◆ **WHAT IS EXPECTED**
Output, word for word, each line from the one with "guides and porters." through the end of the listing below, excluding every picture.

MATERIAL PROVIDED START

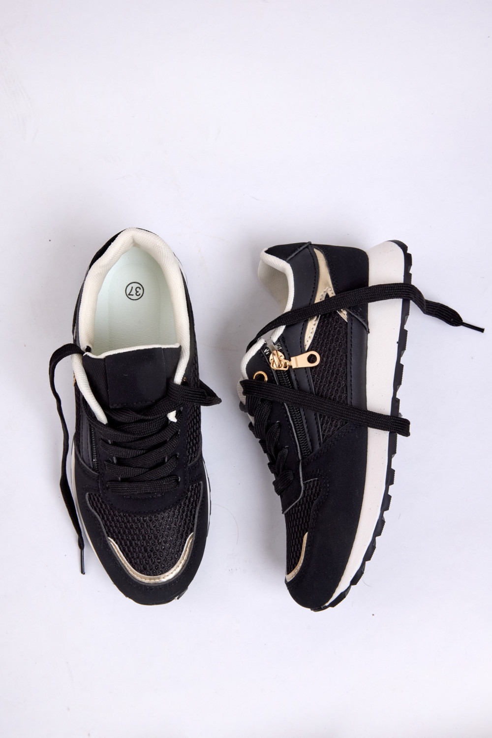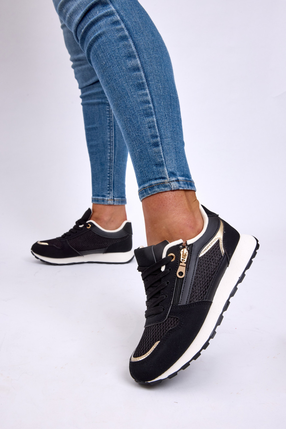 Designed for all-day comfort, these black lightweight trainers combine sporty style with practical functionality. The breathable mesh upper keeps feet cool, while the lace-up front and side zip fastening allow quick and easy fitting.
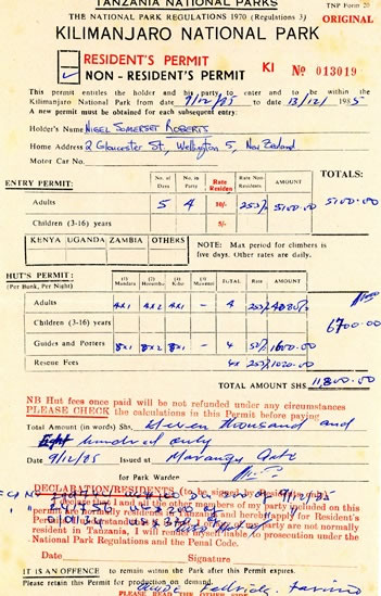 … paying a total of 11,800 Tanzanian shillings – almost $US200 apiece for the four of us – for our non-residents’ entry permits and for hut fees for ourselves and our guides and porters.
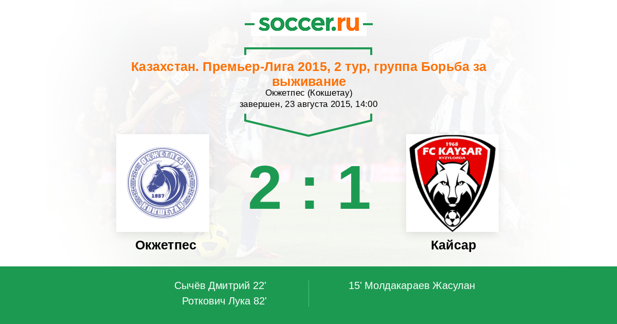 Казахстан. Премьер-лига 26.08.2012 Окжетпес Логотип футбольный клуб Окжетпес (Кокшетау) 2:2 Логотип футбольный клуб Кайсар (Кызылорда) Кайсар

MATERIAL PROVIDED END

◆ **RESULT OF THE TASK**
 … paying a total of 11,800 Tanzanian shillings – almost $US200 apiece for the four of us – for our non-residents’ entry permits and for hut fees for ourselves and our guides and porters.
 Казахстан. Премьер-лига 26.08.2012 Окжетпес Логотип футбольный клуб Окжетпес (Кокшетау) 2:2 Логотип футбольный клуб Кайсар (Кызылорда) Кайсар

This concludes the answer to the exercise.